Re: [PATCH v21 00/12] Improve write performance for zoned UFS devices

Damien Le Moal <dlemoal@xxxxxxxxxx> · Tue, 22 Jul 2025 10:36:08 +0900

On 7/19/25 3:30 AM, Bart Van Assche wrote:
> On 7/18/25 12:08 AM, Damien Le Moal wrote:
>> How did you test this ?
> 
> Hi Damien,
> 
> This patch series has been tested as follows:
> - In an x86-64 VM:
>   - By running blktests.
>   - By running the attached two scripts. test-pipelining-zoned-writes
>     submits small writes sequentially and has been used to compare IOPS
>     with and without write pipelining. test-pipelining-and-requeuing
>     submits sequential or random writes. This script has
>     been used to verify that the HOST BUSY and UNALIGNED WRITE
>     conditions are handled correctly for both I/O patterns.
> - On an ARM development board with a ZUFS device, by running a multitude
>   of I/O patterns on top of F2FS and a ZUFS device with data
>   verification enabled.
> 
>> I do not have a zoned UFS drive, so I used an NVMe ZNS drive, which should be
>> fine since the commands in the submission queues of a PCI controller are always
>> handled in order.
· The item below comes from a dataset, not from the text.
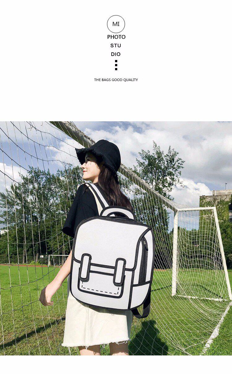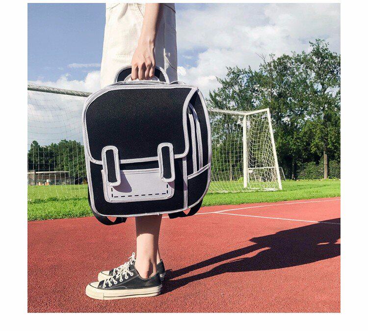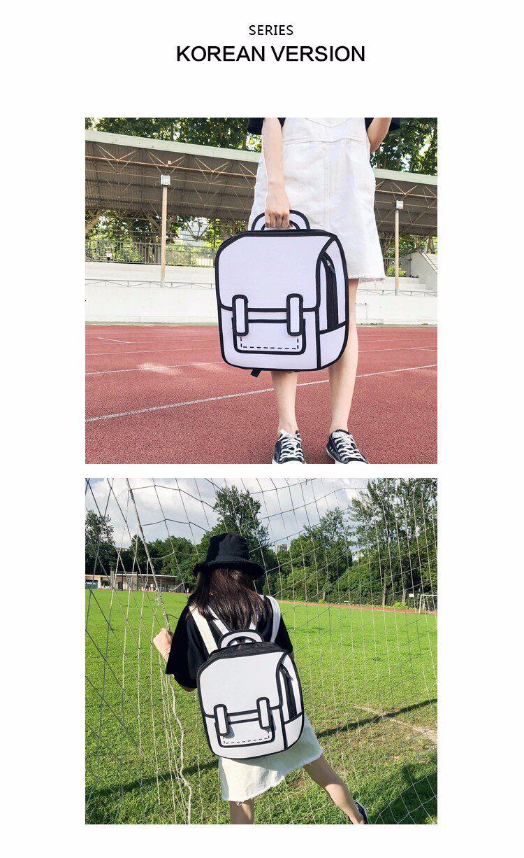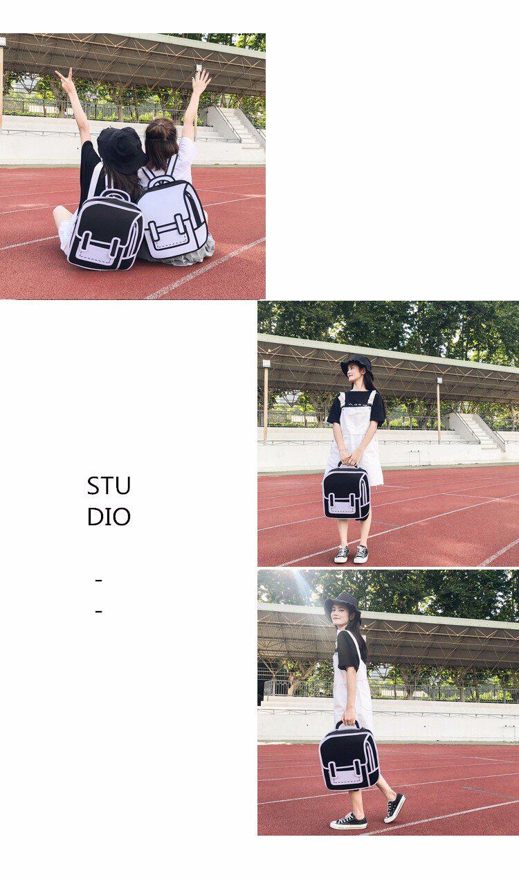 Tas sekolah ransel grafiti hitam dan putih lukisan kertas 2D kartun dua dimensi ransel tas kartun

So I added:
>>
>> diff --git a/drivers/nvme/host/zns.c b/drivers/nvme/host/zns.c
>> index cce4c5b55aa9..36d16b8d3f37 100644
>> --- a/drivers/nvme/host/zns.c
>> +++ b/drivers/nvme/host/zns.c
>> @@ -108,7 +108,7 @@ int nvme_query_zone_info(struct nvme_ns *ns, unsigned lbaf,
>>   void nvme_update_zone_info(struct nvme_ns *ns, struct queue_limits *lim,
>>                  struct nvme_zone_info *zi)
>>   {
>> -       lim->features |= BLK_FEAT_ZONED;
>> +       lim->features |= BLK_FEAT_ZONED | BLK_FEAT_ORDERED_HWQ;
>>          lim->max_open_zones = zi->max_open_zones;
>>          lim->max_active_zones = zi->max_active_zones;
>>          lim->max_hw_zone_append_sectors = ns->ctrl->max_zone_append;
>>
>> And ran this:
>>
>> fio --name=test --filename=/dev/nvme1n2 --ioengine=io_uring --iodepth=128 \
>>     --direct=1 --bs=4096 --zonemode=zbd --rw=randwrite \
>>     --numjobs=1
>>
>> And I get unaligned write errors 100% of the time. Looking at your patches
>> again, you are not handling REQ_NOWAIT case in blk_zone_wplug_handle_write(). If
>> you get REQ_NOWAIT BIO, which io_uring will issue, the code goes directly to
>> plugging the BIO, thus bypassing your from_cpu handling.
> 
> Didn't Jens recommend libaio instead of io_uring for zoned storage? See
> also https://lore.kernel.org/linux-block/8c0f9d28-d68f-4800-
> b94f-1905079d4007@xxxxxxxxx/T/#mb61b6d1294da76a9f1be38edf6dceaf703112335. I ran
> all my tests with
> libaio instead of io_uring.

My bad, yes, io_uring does not work reliably for zoned writes because of its
no-wait handling of BIOs and punting to a worker thread for blocking BIOs. But
as I said, tests with libaio did not go well either.

>> But the same fio command with libaio (no REQ_NOWAIT in that case) also fails.
> 
> While this patch series addresses most potential causes of reordering by
> the block layer, it does not address all possible causes of reordering.
> An example of a potential cause of reordering that has not been
> addressed by this patch series can be found in blk_mq_insert_requests().
> That function either inserts requests in a software or a hardware queue.
> Bypassing the software queue for some requests can cause reordering.
> Another example can be found in blk_mq_dispatch_rq_list(). If the block
> driver responds with BLK_STS_RESOURCE or BLK_STS_DEV_RESOURCE, the
> requests that have not been accepted by the block driver are added to
> the &hctx->dispatch list. If these requests came from a software queue,
> adding these to hctx->dispatch_list instead of putting them back in
> their original position in the software queue can cause reordering.
> 
> Patches 8 and 9 work around this by retrying writes in the unlikely case
> that reordering happens. I think this is a more pragmatic solution than
> making more changes in the block layer to make it fully preserve the
> request order. In the traces that I gathered and that I inspected, I
> did not see any UNALIGNED WRITE errors being reported by ZUFS devices.

So the end result of your patches is that the submission path can still
generates reordering and cause unaligned write errors. Not great to say the
least. I would really prefer something that does not cause such submission
errors to be sure that if we see an error, it is due to the a user bug (user
sending unaligned writes).

-- 
Damien Le Moal
Western Digital Research